# Report from Darwin N.T



## ChoonaChaser (May 28, 2013)

G'day kayakers,

Just sharing a few photos from some recent trips along Darwin's foreshore. 
I have a hobie pro anger and usually fast troll hard bodies over some shallow reef not too far off shore.

Couple of first for me:

Got my first wild barra from a kayak
Seen a croc from the kayak
and sunk in my kayak

The barra was 55cm and was caught near mindil markets here in Darwin, at 55cm it was small but I was stoked
The croc I saw at Lee point. I was heading out to troll some hard bodies for pelagics and pretty much ran into the 2.5m salty as he was transiting from Shoal bay into the harbour. He ignored me and kept cruising...
While on the way to East Point, I incorrectly strapped my hobie down bad on my 6x4 trailer and consequently put 2 stress holes under the seat in the drainage part.
I didn't know this to until I had already launched and saw my dry box start lifting from water right in front of me.

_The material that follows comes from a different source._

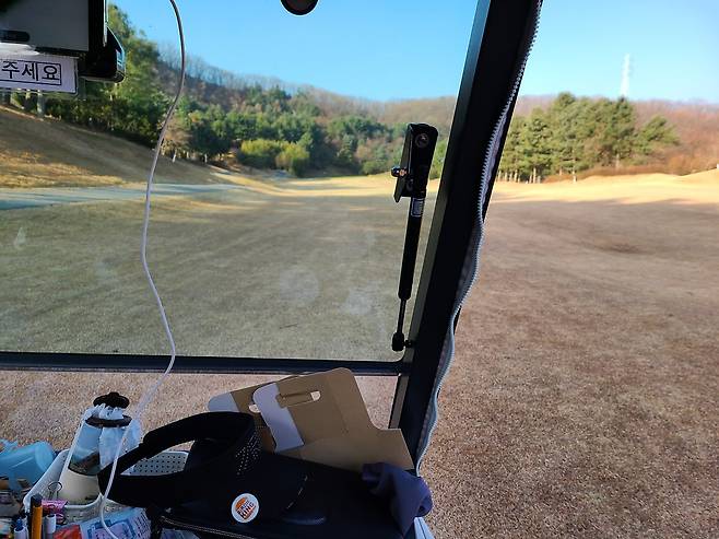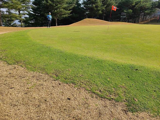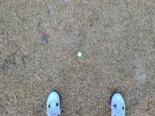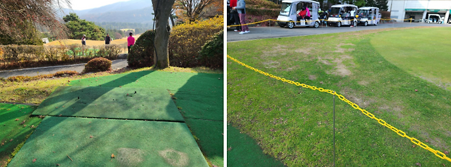 평일 그린피가 무려 24만 원이었음에도 18홀 모두가 인조 매트를 사용하도록 되었습니다. 미국 골프장은 그린을 펀칭하거나 티 박스를 인조 매트로 사용하면 약간 할인해 주는 터라, 이런 상황에도 그린피가 매우 비싸다는 점이 약간 충격이었습니다.

the yak has been plastic welded and fixed
the trailer has been better set up
as for the croc it was rare along the foreshore, it was scary 
but has not put me off

I love yakking to much 
Cheers from up North
Choona


----------



## captaincoochin (Nov 11, 2012)

Nice fish bag, and Nice haul of fish. Your not worried yak fishing in croc infested waters at night?
Fortune favours the brave ey..


----------



## Zed (Sep 18, 2006)

I'd write a letter. You're only getting partial fish up there.


----------



## Geoffw (Jan 23, 2011)

A great spot to be fishing from and some nice pics there but I'm not sure I would do it from a yak. While I was there a croc had a go at a dog being walked on Mindle beach and I have seen more than a couple make that transition with the incoming tide at lee point. Go the brave!


----------



## jbonez (Jul 9, 2013)

Legendary stuff mate, looks like you would not want to sink in those waters might be a stressful swim back,

Must be alot of fun fishing topwater lures up there


----------



## clarkey (Jan 13, 2009)

Good stuff mate.


----------



## Deefa (Dec 22, 2012)

I can understand why you are sticking to the inner reefs.
Good stuff.


----------



## scater (Nov 24, 2007)

Good fish, and well done on getting out there in the yak, I never had the guts. That moustache looks like it's been added later using MS Paint. You need and Akubra.


----------



## ChoonaChaser (May 28, 2013)

Cheers for the replies lads,

Love how my mo gets more attention then my fishing report lol

Crocs - We fish the foreshore 
General rule is stay out of the mangroves

Crocs don't live on the foreshore but they use it as a high way for cruising through.
Higher chance of a pranging the car on the way to kayak fishing, I think anyway.

Well I got Spaniyard this morning trolling a gold bomber 
Not massive like you east coast boyz but was stoked

Cheerz from up North 
Choona


----------



## captaincoochin (Nov 11, 2012)

Nice mo


----------



## RhubarbTheYeti (Oct 28, 2013)

Resembles a young Graeme Gooch :?


----------